I do not normally address other work primarily because a lot of Chinese work is higher quality than it used to be and I will not respond to everyone I disagree with. However, sometimes there are stimulating pieces that catch my attention and Tom Orlik of Bloomberg wrote a good piece on why China would be well advised to proceed very cautiously on market reforms.
Now before anyone expects a pro or anti-free market rant, as I always stress, these decisions or situations, especially with China, involve a lot more nuance and subtly than simple binary decisions. While I do have a general free market bias, I recognize the short comings and limitations of the market but consider it like Churchill considered democracy: the worst possible system except for all others.
Let us take a simple starting point. If the PBOC announces before market opening that the RMB is now freely convertible and that people can do whatever they want with the RMB, I think that using a conservative estimate the RMB would fall 20%, creating significant stress in both China and the rest of the world. (Side note: for everyone who says the RMB is fairly valued, ask them what it would trade at if it was allowed to float: then listen to the equivocation and excuses start.)
The problem is that both free and anti market people forget that economics is, among other things, the study of tradeoffs. Raising tariffs may protect jobs but what is the tradeoff in both direct financial cost and longer term economic organization and moral hazard costs? Consequently, there is almost no point in time on any analysis that we couldn’t claim that increased marketization will raise risks. Higher risk with increased marketization will almost always be true.
Even looking at this from a classical risk return payoff framework it will be true: if capitalism has generally proven to have higher growth rates that implies it is also assuming higher levels of risk. The United States had about 50,000 corporate bankruptcies in 2015 while China had about 1,000, there is on a very basic level a higher risk of overseeing a corporate bankruptcy in the United States than in China.
However, the debate about the role of the market turns on much more subtle issues that something as crude as say whether to allow the RMB to float in the next 24 hours. The reality of the debate of marketization in China focuses on two questions: whether or not to let have markets have complete dominion but whether markets will have anyinfluence and whether China is moving towards or away from greater market influence.
Right now I think the clear answer is that China continues to move away from allowing greater market influence. The RMB remains essentially pegged to the USD, financing remains almost entirely political, and the stock market acting as essentially a further way for the government to try and control prices. Even worse the Chinese government appears to be doubling down on the policies that brought them into the current state of affairs. For all of the talk about debt levels, China arrived in early 2016 with some of the highest debt levels in the world because of government policy not a market run amok and not only has it chosen not to address them but rather double down on the exact policies that brought it to this point. It is very difficult to see how in any appreciable way China is even moving in a direction that in anyway increases market influence.

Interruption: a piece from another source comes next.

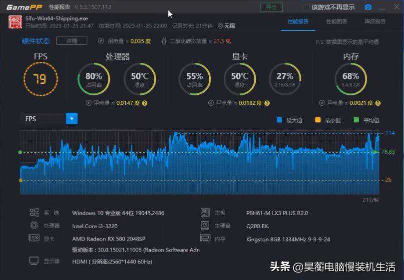 测试下来,因为《师父》这款游戏对硬件要求的比较低,我们可以在1080p中等画质下实现平均79帧率的表现,完全是畅玩状态。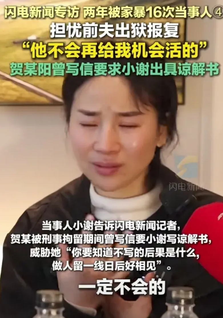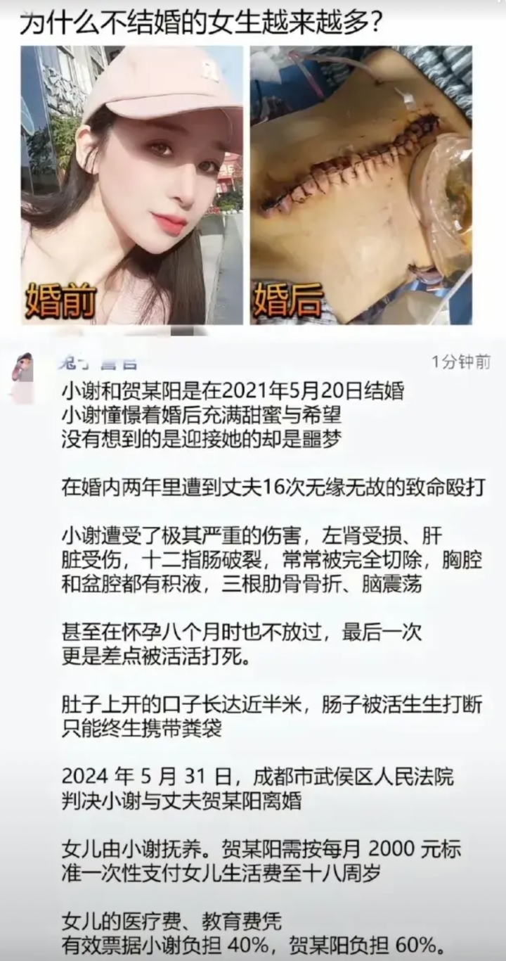 那个只剩下半条命的女子镜头前痛哭,“我的人生进入了倒计时,只有11年了。” 期待的死刑成了11年有期徒刑,11年后,前夫疯狂的报复将如达摩克利斯剑日夜悬挂在她头上。 蛇不知自己有毒,恶人也不知自己有罪。 贺某阳不知自己有错,不道歉,威胁她出谅解书,“做人留一线”其父扬言要杀她全家。 那个婚前老实忠厚的前夫贺某阳两年内 家暴她16次。 最后一次是她起诉,并申请了人身保护令,被骗至酒店进行长达八小时辱骂,殴打,她几度昏迷。 清晨,她挪到卫生间,向门外酒店人员呼救,旋即贺某阳拉进房内。酒店人员报了警。 贺某阳答应送小谢去医院,9分钟的路程开了两个多小时。 而正因为他给小谢买了止痛药,并送医院,被认为主观上无杀人动机,是故意伤害罪而非杀人未遂。 而她如果送去医院再晚20分钟,就神仙难救。 小谢在icu躺了8天,全身插满管子,肚子上多了个造瘘袋,终生要挂粪袋。 肋骨断了六七根,肠肝肺肾等等脏器全部严重受损。还有脑震荡。20 各种伤伤情鉴定结果每一项都触目惊心。 她不是愚妇,只是识人不清。 怀孕六天,第一次家暴,贺某跪求原谅 怀孕七八个月,贺某照打无误 2022年9月25日,拿钢刀砍她头 23年4月15日,滚烫的砂锅连泼她四次。 每个月都会暴打她一次。 怕了,跑了,拉黑所有联系方式,不管躲到哪里也会被他找到。 报警了,不下六次报警。 每次口头警告,出具家庭暴力劝诫书。(无效) 提离婚了 可是,提一次,被打一次 起诉了,差点被打死。 妇联,社区,市长热线都找了 小谢说为什么有了一纸结婚证,为什么家暴可以是家庭纷争,打人者可以逍遥法外? 我也㎴理解,嫁错了人, 遇到家暴男 跑不掉,离不掉,难到非要以同归于尽 的方式,才可以结束噩梦?

Now before I get emails or comments about the growing number of defaults answer me this: what has ever happened to a company in default besides eventual bailout? A default in China essentially acts as a time out in sports and not a loss or end of season. That is not greater marketization if they always get bailed out.

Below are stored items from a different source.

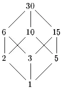 Wir betrachten die positiven natürlichen Zahlen zusammen mit der Teilbarkeitsbeziehung. Dies ergibt eine Ordnung auf . Die Teilbarkeitsrelation ist in der Tat reflexiv, da stets ist, wie zeigt. Die Transitivität wurde in Lemma 7.9 (3) gezeigt. Die Antisymmetrie folgt so: Aus und folgt . Da wir uns auf positive natürliche Zahlen beschränken, folgt mit der Kürzungsregel und daraus wegen auch . Also ist . Einfache Beispiele wie und zeigen, dass hier keine totale Ordnung vorliegt, da weder von noch umgekehrt geteilt wird.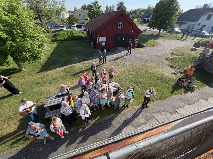 I god tid før vi nærmer oss kanalens eldste sluse ved det lille verkssamfunnet Forsvik, høres korsang i det fjerne. Fremme ved slusen finner vi en gruppe på 15-20 mennesker oppstilt ved slusekanten, som akkompagnert av hammondorgel og gitar lovpriser Herren i lett haltende, men åpenbart ektefølt korsang. Det viftes med tyske, danske, engelske, svenske og norske flagg – noen har tydeligvis fôret dem med passasjerlistene til «Juno».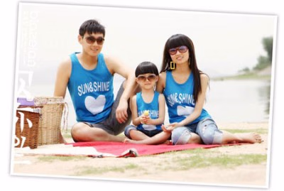 镜头一:河边野餐一家三口蓝色背心装很抢眼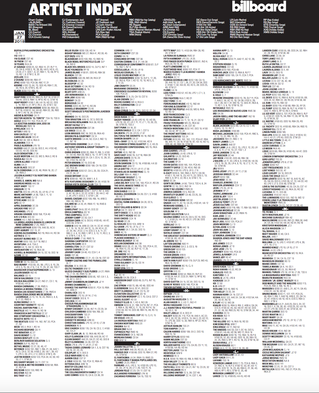 Bảng vàng tháng 1/2018 với những cái tên nổi trội của Billboard.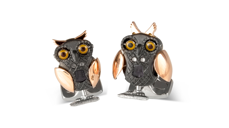 Hero pieces include a pair of cufflinks in the ‘Mechanicals’ category, which feature highly polished blades sitting on micro-bearings that whirl into action when blown on, and uniquely fun jewels in the ‘Boys Toys’ section, such as a pair of shotgun cufflinks featuring repelling magnets that open the barrels and reveal gold cartridge caps when the lever is flicked.

I would actually be willing to be a Keynesian for China or anywhere else for that matter if it would assume its proper place and recede when appropriate. However, in China, like many places, government stimulus during slack periods becomes a narcotic that can never be pulled with people arguing about the increased risk of pulling it at any time. Consequently, every wave of the Chinese economy in the past decade has not witnessed any lessening of government influence, but rather a continual growth whether through financing channels or regulatory approval because there is always “risk” in reducing the role of the state. Whether the economy is weak or whether the economy is strong, well intentioned technocrats or risk averse commentators can always argue that reducing government support raises risks, which it does in some ways as already noted. However, the story of China in the past decade is not government responding to the needs of the economy but rather permanent domination.
The real risk is that the failed policies promoted by the never ending government support reach a tipping point that the government can no longer control. I actually agree that unleashing complete marketization on China right now would probably result in wide spread firm and bank failures as well as a currency crisis. However, given the state of political and financial oppression, I see little risk of that in the near future. What concerns me is that as China continues to double down on the failed policies that brought it to this point, it will reach a tipping point at which it will be unable to control the outcome. China is now one of the most indebted countries in the world, even using the narrow official data, with key measures continuing to grow much more rapidly than any other country. At the rate debt is increasing, there may come a time when it exceeds Beijing’s ability to control the outcome.
The debate about marketization in China is less about whether you should or should not have markets but what direction do you want the country to go and what risks do you prefer to accept. The answers seem pretty clear: Beijing wants greater control and accept the risk that it can control the outcome.